Video: Swayzak 'Speedboat' (non-remastered and edited version)
Talking tracks rather than albums, I wrote about Parisian Paul Ritch's excellent Evil Laff way back in the heady days of Armchair Dancefloor 002, and he's back already with another production - 'Solarium' on Sweden's Drumcode - that rides the line between mimimal house and straight-up, heads-down techno. The track pairs up a two-note rolling bassline and muffled kick with moist sounding percussive stabs and desert-dry snare rolls, more direct muscle coming in the form of a couple of breakdowns that culminate in what's either a high-pressure gas leak or someone urinating on an ant (from the ant's perspective).
One day this column won't feature a Hot Flush record, but not today. Sigha's 'Remembrance' continues the queering of the pitch that'll eventually have a name conveying 'dubstep for deep techno bods that wouldn't know grime if they trod in it'. It should probably be catchier than that, though. Anyway, b-side 'On The Strip' returns to the small-hours atmospherics of January's 'Expansions', a bass pulse on the final beat of each bar instilling an unrelenting urgency. By contrast, the gorgeous modulating tone weaving in and out of the brooding 2-step of 'Remembrance' is like a broad vista glimpsed through trees, each of its successive appearances further deepening the textures of this deceptively spartan track.
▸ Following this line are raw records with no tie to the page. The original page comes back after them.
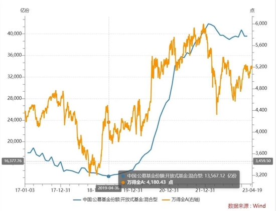 3、2019年的行情有三次大级别上涨:1-4月,6-9月,12月。尤其值得注意的是1-4月,那时也是TMT主导(但是没有移动互联网或者AI这样的强主线),指数涨幅是三轮里最大,但是我们可以明显看到公募混合型份额反而是相应快速减少的——尤其是万得全A涨到2018年年初位置让一大批人解套以后;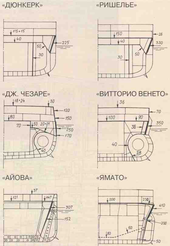 Эти «маленькие хитрости» (наклон пояса и разнесенная броня) использовались в большинстве проектов последних линкоров. Так, наклонные плиты имели следующие типы (в скобках — угол наклона в градусах): английский «Нельсон» (22), французские «Дюнкерк» (14), «Ришелье» (15), американские «Вашингтон» (17), «Саут Дакота» и «Айова» (по 19), итальянские «Литторио» (12), японские «Ямато» (20). Немецкие кораблестроители показали себя явными консерваторами: на «Шарнхорсте» и «Бисмарке» они установили обычный наружный пояс без наклона, повторивший форму борта. К такому же решению пришли в своих последних линкорах англичане. Подобное ретроградство имело свой резон. Не говоря уже о чисто конструкторских и производственных проблемах, новомодные схемы с внутренней броней оставляли незащищенным обшивку, подверженную действию мелких снарядов и даже осколков. В результате защита не пропускала снаряды в машины и погреба, но позволяла кораблю набрать немало воды во внешние отсеки. Это отрицательно сказывалось на его остойчивости и ходовых качествах и требовало ремонта в доке после каждого боевого столкновения.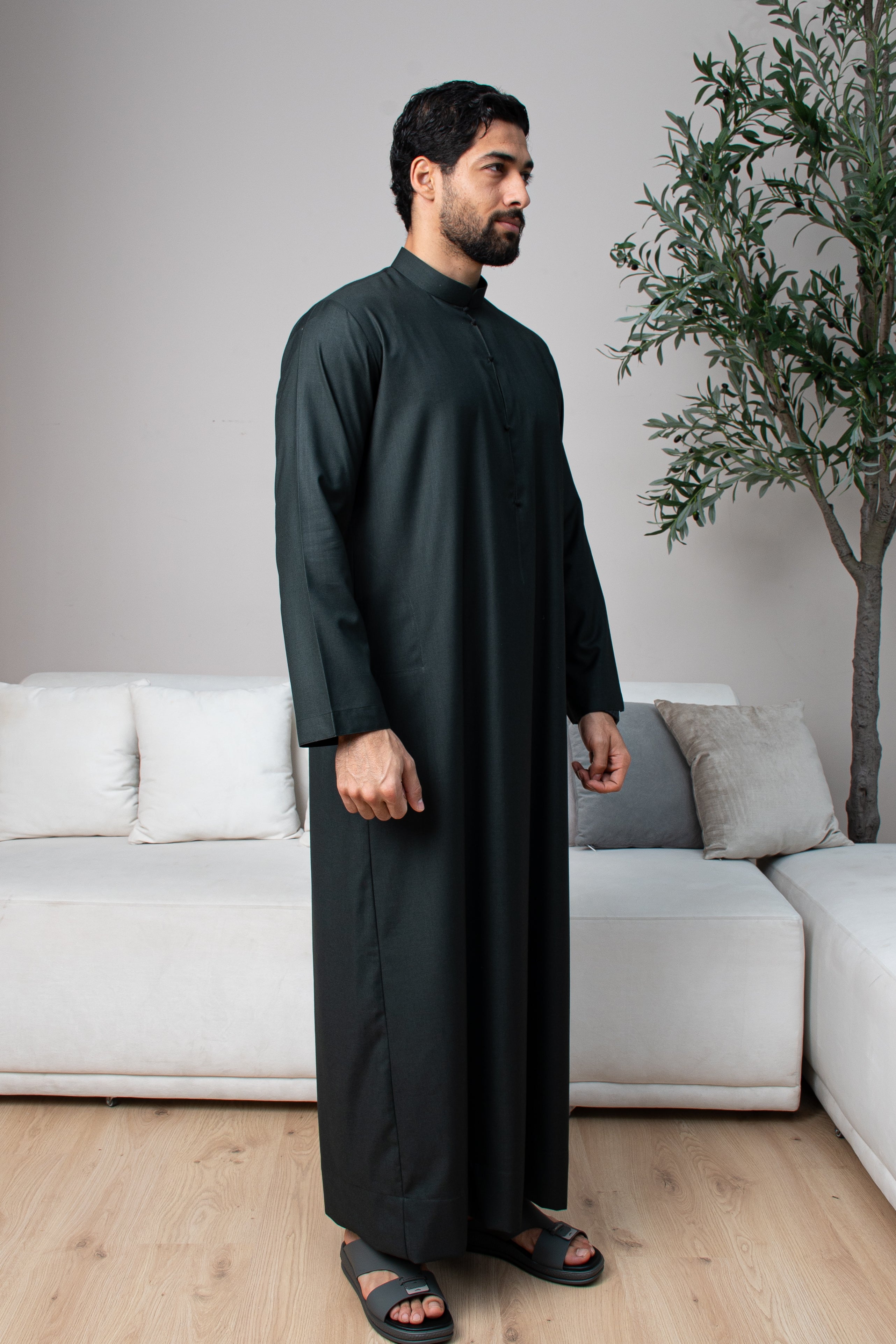 Indulge in the perfect blend of tradition and luxury with our premium Bahraini thobe, crafted for those who appreciate true elegance. Made from thick, high-quality Italian wool, this thobe offers an unparalleled feel of refinement, durability, and warmth.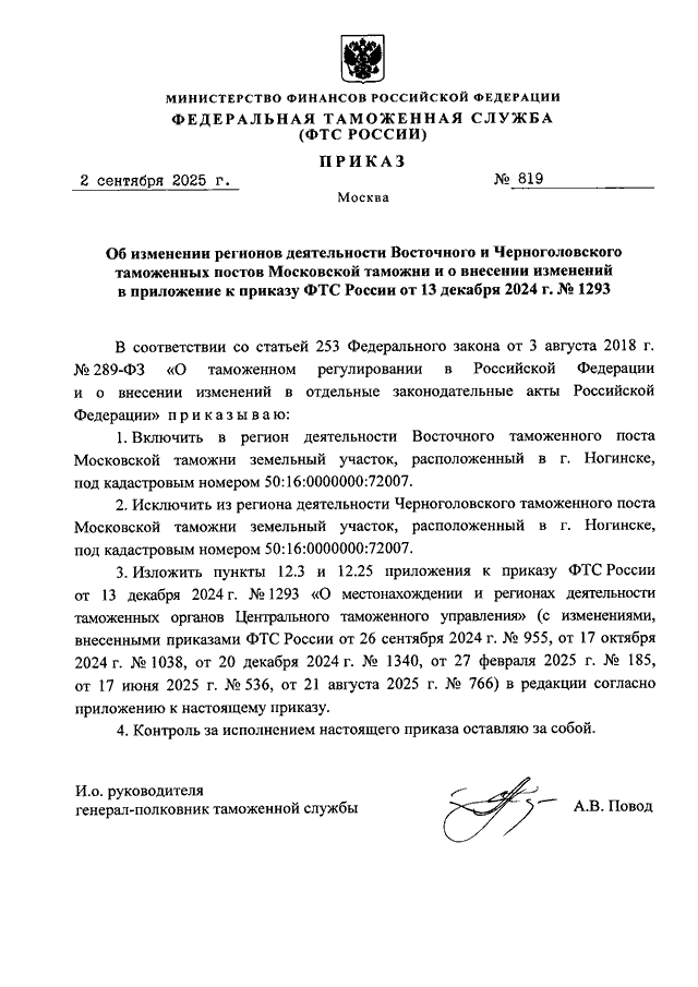 "ОБ ИЗМЕНЕНИИ РЕГИОНОВ ДЕЯТЕЛЬНОСТИ ВОСТОЧНОГО И ЧЕРНОГОЛОВСКОГО ТАМОЖЕННЫХ ПОСТОВ МОСКОВСКОЙ ТАМОЖНИ И О ВНЕСЕНИИ ИЗМЕНЕНИЙ В ПРИЛОЖЕНИЕ К ПРИКАЗУ ФТС РОССИИ ОТ 13 ДЕКАБРЯ 2024 Г. N 1293"

Dubliner Barry Lynn debtuted on Hotflush in 2005,after which he decamped to Planet Mu. His new album as Boxcutter, Arecibo Message, leaves behind the ultra-synthetic dubstep flavour of his previous two long players in favour of a more varied exploration of the organic ends of hardcore ('Mya Rave (album mix)'), mutoid electro ('S p a c e b a s s') and even, on 'A Familiar Sound', techno soul. Wobbly, exhilarating and fresh, you can check it out here.
Audiofly X hit all the right spots with the deep techy groove of 'Get Smarter' from their Mar Del Plata EP (Get Physical). A fuzzy bassline bumps up against woodblock and bongo percussion that's soon joined later by an insistent chopped vocal sample. Best of all is the kind of breakdown - birds of paradise, liquid keys, muffled spoken word sample imparting dubious wisdom - that was mandatory on every Good Looking record released between 1994 and 1996.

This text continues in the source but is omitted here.